For Doctors in a Hurry
- Clinicians lack clear guidance on whether to integrate renal replacement therapy directly into the extracorporeal membrane oxygenation circuit or use separate catheters.
- The researchers conducted a retrospective analysis of 80 adult patients who received renal replacement therapy while supported by venoarterial extracorporeal membrane oxygenation.
- Integrated systems showed no statistically significant difference in infectious, hemorrhagic, or circuit-related complications compared to parallel systems in multivariable analysis.
- The authors concluded that both configurations demonstrate comparable safety profiles for patients requiring concurrent renal support and mechanical circulatory assistance.
- Physicians should select the renal replacement configuration based on local technical expertise rather than anticipated differences in patient complication risks.
Acute kidney injury (AKI) frequently complicates the clinical course of patients requiring venoarterial extracorporeal membrane oxygenation (VA-ECMO), often driven by the systemic inflammatory response and multiorgan failure [1, 2]. Managing renal replacement therapy (RRT), which involves the extracorporeal filtration of blood to manage fluid and solute clearance, presents significant technical hurdles in these hemodynamically unstable patients [3, 4]. Clinicians must navigate the risks of vascular access, including catheter-related bloodstream infections and hemorrhagic events, while maintaining the integrity of the extracorporeal circuit [5]. While the timing and modality of renal support remain debated, a recent retrospective analysis evaluates how different circuit configurations influence safety outcomes in this critically ill population [4, 6].
Comparing Integrated and Parallel Circuit Designs
Physicians managing patients on venoarterial extracorporeal membrane oxygenation (VA-ECMO) typically choose between two primary configurations for renal support.

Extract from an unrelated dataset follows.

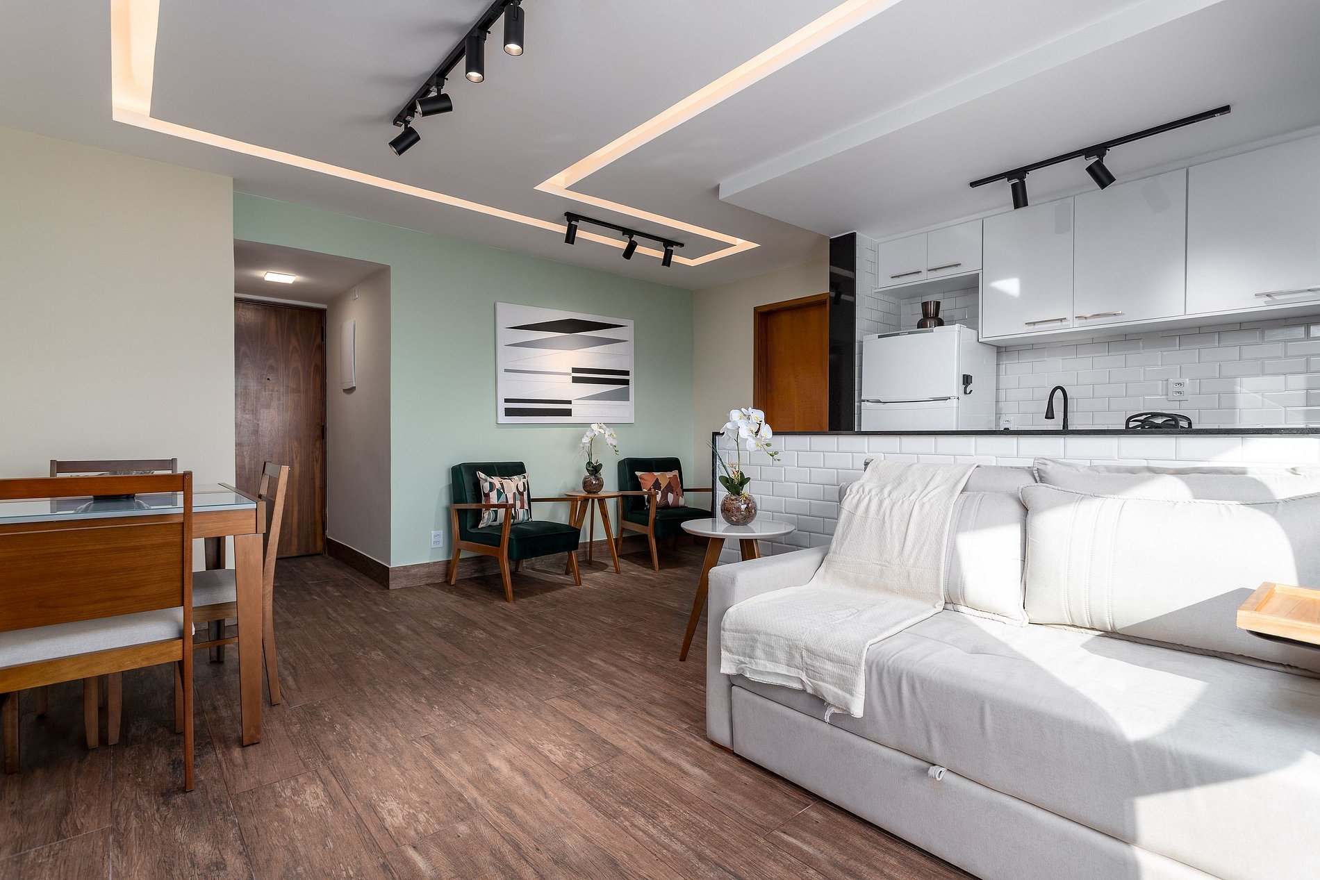 - Acomoda até 5 pessoas, sendo 1 no sofá cama da sala
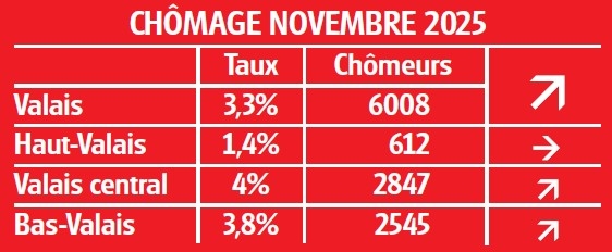 Enfin, d’après les prévisions du Service de l’industrie, du commerce et du travail, le taux de chômage valaisan pour 2025 devrait se situer à 3,1% (contre 2,7% en 2024).

Renal replacement therapy (RRT) can be delivered via a separate indwelling catheter, known as a parallel system (PS), or through a direct connection to the existing ECMO circuit, referred to as an integrated system (IS). To assess the safety profiles of these approaches, researchers conducted a single-center retrospective analysis of prospectively collected data from 80 consecutive adults who received renal replacement therapy for at least 24 hours while on VA-ECMO support between 2006 and 2019. The study analyzed 84 distinct procedures, which were divided equally into 42 integrated system (IS) procedures and 42 parallel system (PS) procedures. This cohort allowed for a direct comparison of complications occurring during the concomitant ECMO-RRT period, defined as the timeframe when both extracorporeal circuits were operating simultaneously.
Infectious and Hemorrhagic Outcomes
The analysis of infectious complications revealed that 31% of integrated system (IS) procedures resulted in an infection, compared to 45.2% of parallel system (PS) procedures. Although the raw incidence was higher in the parallel group, the researchers identified a significant difference in the timing of these events. Infectious complications had a statistically significant earlier onset in the parallel system (PS) group, occurring at a median of 3 days compared to 5 days in the integrated system (IS) group (p = 0.048). This earlier onset likely reflects the additional risk introduced by the insertion of a separate indwelling venous catheter. However, when the researchers applied a multivariable analysis (a statistical technique used to adjust for confounding factors and isolate the specific impact of the circuit configuration), the integrated system (IS) was not independently associated with a reduced risk of infection, yielding an odds ratio of 0.67 (95% CI, 0.27 to 1.70; p = 0.421). Hemorrhagic outcomes were also similar between the two groups, with hemorrhagic events occurring in 54.8% of integrated system (IS) procedures and 59.5% of parallel system (PS) procedures, suggesting that the method of renal support does not significantly alter the high baseline bleeding risk inherent to extracorporeal support.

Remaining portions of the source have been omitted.